A Buy-Sell Agreement is an agreement between the owners of a business that provides for when and how one owner can buy out the other’s interest. All businesses should have some form of a Buy-Sell Agreement. The reasons for this may not be obvious. The following are just a few scenarios of when one business partner wished she had a Buy-Sell Agreement:
- Your business partner dies and suddenly you are partners with your dead partner’s heirs
- Your business partner divorces and suddenly you are partners with your original business partner and his ex-wife
- Your business partner files a personal bankruptcy and suddenly you are partners with a bankruptcy trustee
A well written Buy-Sell Agreement will outline when a partner can (and in some cases must) sell his interest in the business. It will outline a valuation of the partner’s interest in the business and may even provide for a way to pay for it (such as insurance).

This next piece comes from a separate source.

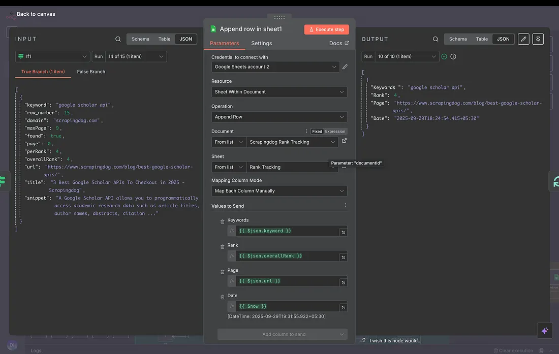 The final step is to append rows in our Spreadsheet, assuming the kw was found on Page 1.

Not only does a Buy-Sell Agreement protect your business, but it may protect your family as well. If you predecease both your business partner and your spouse, your spouse may not be suited or interested in being involved in the business and may be better provided for with the cash value of your partnership interest. Additionally, there may be tax benefits under the new federal tax law for having a well-defined Buy-Sell Agreement.
Based on the value, you would think that all businesses would have Buy-Sell Agreements. According to Forbes, nearly 75 percent of businesses do not have such important documentation. The good news is that you are not limited as to when you create one. You can create a Buy-Sell Agreement regardless of how long you have owned your business. Once you have one, you can amend it at any time to address changes in the business or the business owners.